Comment by Earw0rm
3 days ago
The difference in a hierarchical org is that the structure is laid out on paper for everyone to see. The power dynamic is explicit rather than implicit.
(At least, it's supposed to be. You do get weird inversions from time to time, when a weak manager is put in charge of a domineering empire-builder, but it's rare - and even in that case, the rest of the org can see the anomaly - as they have a frame of reference to measure it against.)
"Humans are complicated" => that is my uncertainty caveat. We're not absolute-hierarchical nor absolute-flat, in much the same way as we're neither exactly chimp-like nor gorilla-like in terms of monogamy.
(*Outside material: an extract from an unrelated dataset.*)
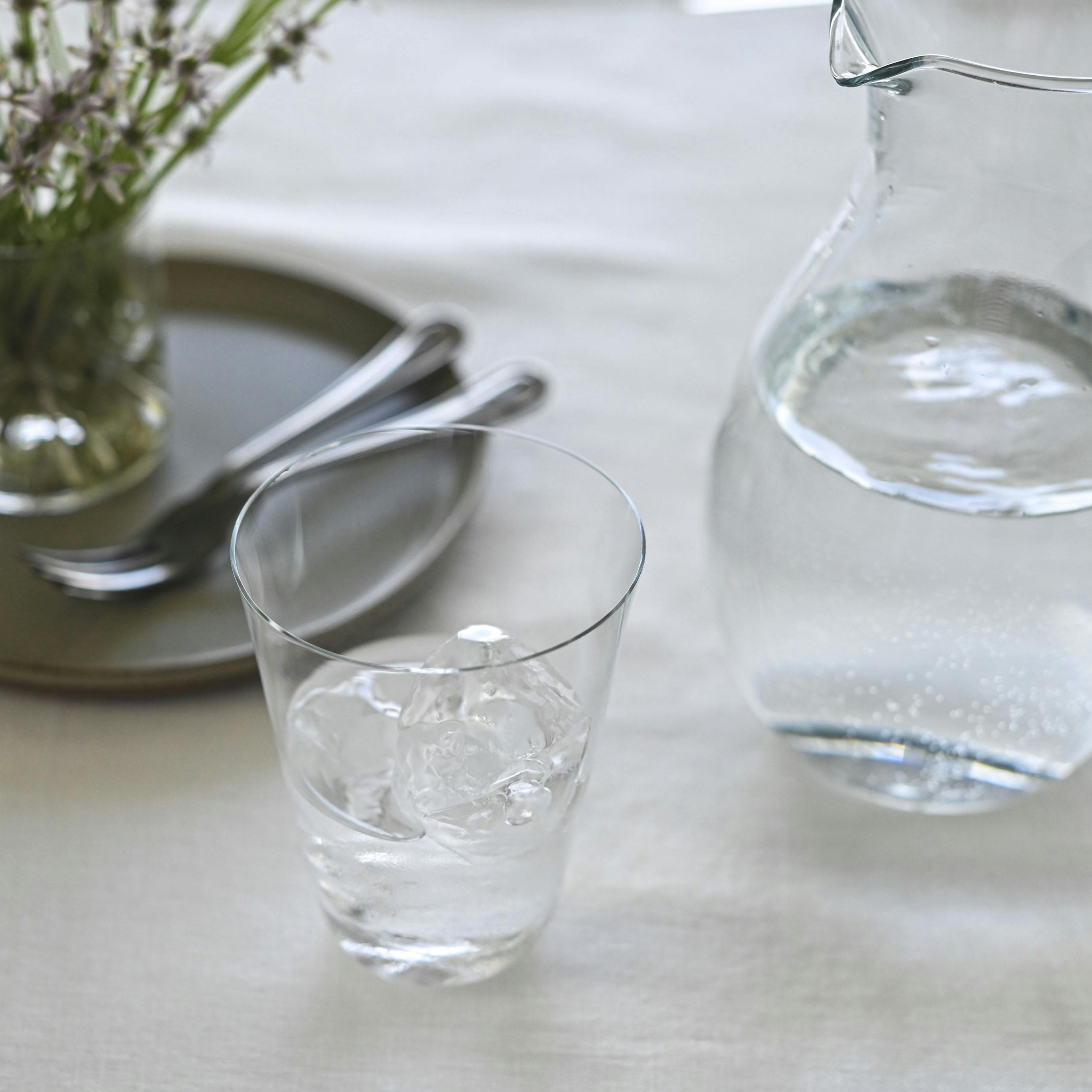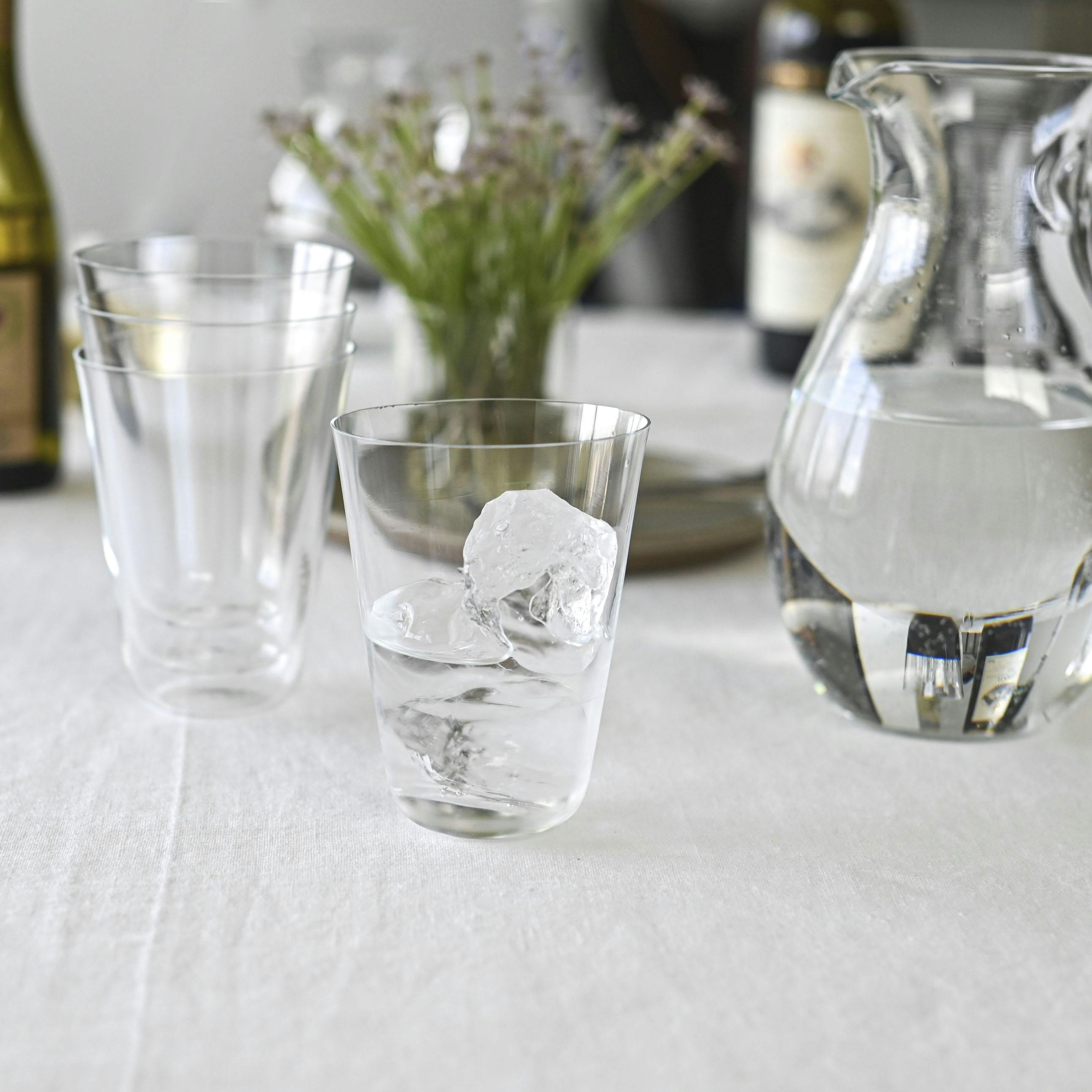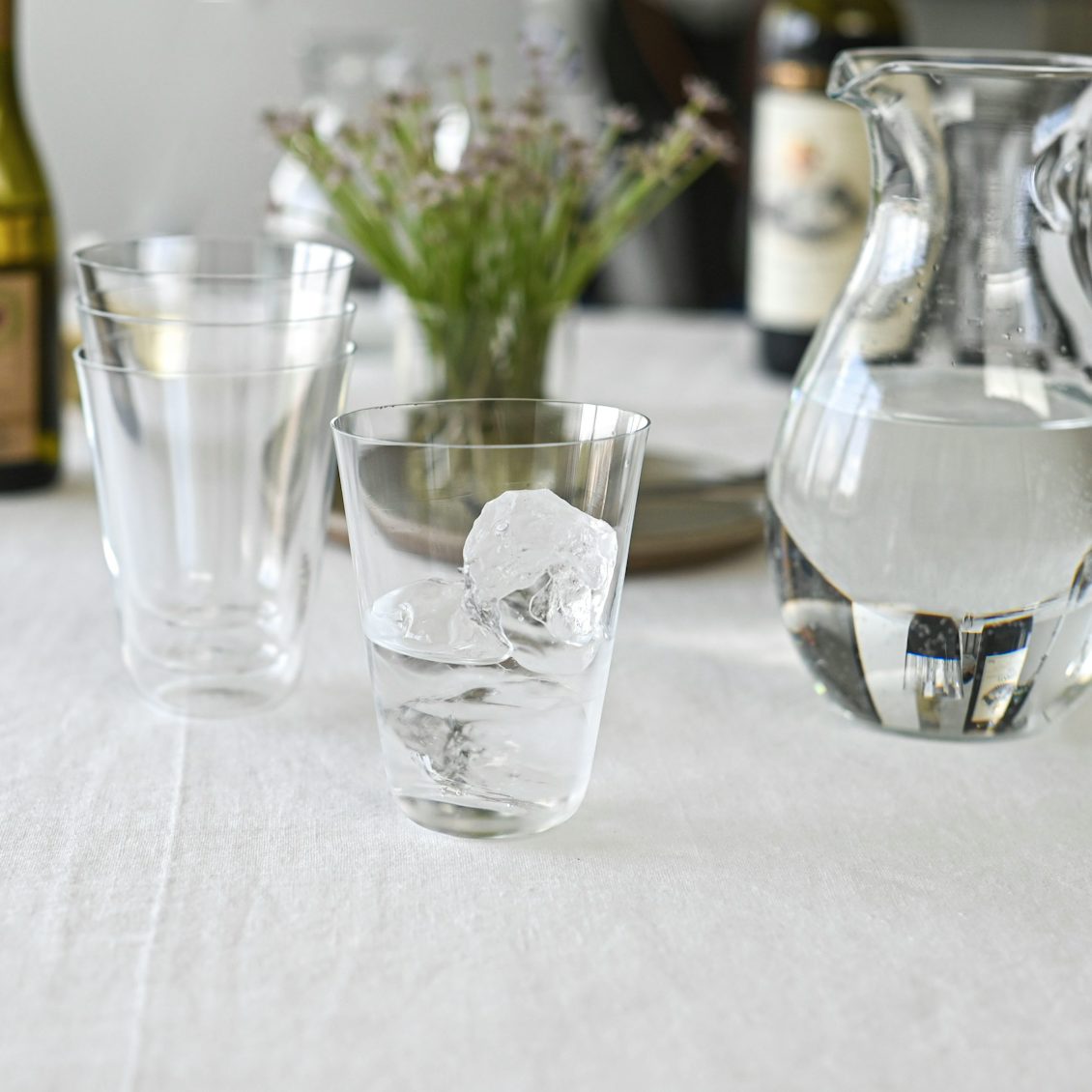 薄く透明なガラスの儚い佇まいも、このグラスの魅力。氷がカランとあたる音は涼しげで、飲み物の色もきれいに映ります。

My observation though (and hardly an original one) is that when we build organisations which try to deny hierarchy, it has a habit of sneaking in thru the back door.
There are more differences: A formally structured org isn't a flat org with titles attached.
> "Humans are complicated" => that is my uncertainty caveat. We're not absolute-hierarchical nor absolute-flat
yes
> when we build organisations which try to deny hierarchy, it has a habit of sneaking in thru the back door.
The same happens when we try to deny freedom. Empowering everyone, through freedom and universal equality and human rights, is the foundation of the very successful modern world.
As I said upthread, I think the focus on hierarchy and power is really an outgrowth of current anti-democratic politics, even if people don't explicitly think of it that way. That doesn't deny all hierarchy or power - it's a matter of degree: The history of modern democracy is to lean heavily toward individual freedom (for essential moral reasons too).